17. On its relevance the plaintiff took the position that it’s the agreement that is confirming that the defendant acknowledged the indebtedness and undertook to settle the debt by transfer of the property Kilifi/Madetere/343 to the plaintiff and another a Mr. Waweru, and that a full settlement would only be reached once the transfer was complete.

18. It was the plaintiff submissions however that the same could not be achieved and was otherwise frustrated by an embargo placed on the title by the National Land Commission.  Besides, there was the fact that the property being jointly owned by one Khadija Warshaw, the defendant’s wife, could not be transferred without the consent of the said Khadija Warshaw. To the plaintiff the defendant’s obligation to facilitate the transfer entailed obtaining the relevant consents including spousal consent and co-proprietors consent to transfer.

19. The plaintiff added that the embargo was validly placed against the title, among other titles, pursuant to section 14 of the National Land Commission Act and further that being a settlement area, there would not be transfer without violation of section 47(7) of the Land Act, 2012.

20. For those reasons the plaintiff took the view and submitted that the contract was not enforceable as far as the transfer as an obligation on the defendant was concerned could not be achieved.  The counsel cited the decisions in Root Capital Incorporated –vs- Takaungu Farmers Cooperative & Another and Mustry Aver Singh vs Serwano Kulobya [1963] EA 408 for the proposition of law that an agreement contrary to the law cannot be enforced or relied upon.

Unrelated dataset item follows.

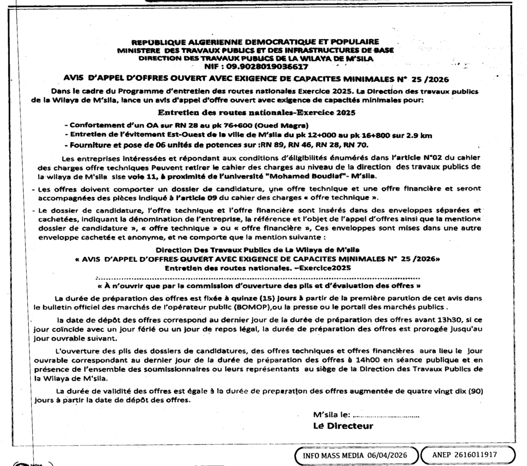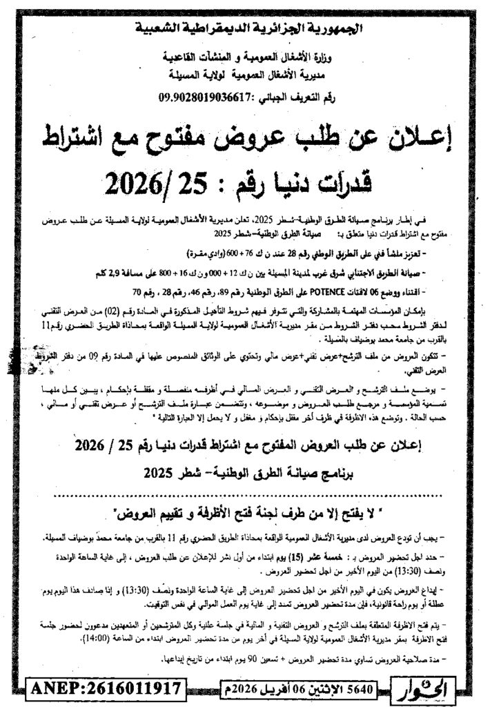 إعلان عن طلب عروض مفتوح 2026/25 مديرية الأشغال العمومية لولاية المسيلة

21. Still on the propriety of the agreement and if executed under duress, the plaintiff underscored the fact that the burden of proof is upon the person alleging and that in both the witness statements and documents filed, which was the only evidence availed, no allegation or proof of duress was availed. There was the reliance on the decisions in S.M. MACHARIA =VS= KCB HCCA 12(b) OF1992 and STANLEY KARIUKI NJUGUNA =VS= DANIEL MUSYOKI SYAND HCCA NO. 19 OF 2016for the proposition that the core feature of duress is illegitimate threat pressurizing a party into conferring benefit upon the other unduly.

22. On whether the plaintiff was aware of the embargo the plaintiff pointed out that the deed of indebtedness was dated 01. 4.2014 yet the embargo was in the month of November 2014. In any event, whether or not there was knowledge, the agreement itself, it is reiterated, was contrary to the provisions of the Land Act, 2012 as far as a settlement scheme land is concerned.

23. On whether there was full discharge and if the defendant is bound to pay the debt, the plaintiff took the view that there could only be a discharge and satisfaction after the transfer was complete and not before the transfer which had been demonstrated could not be effected. It was added that there being an admitted debt, it was only conscionable and just that the defendant be bound to pay.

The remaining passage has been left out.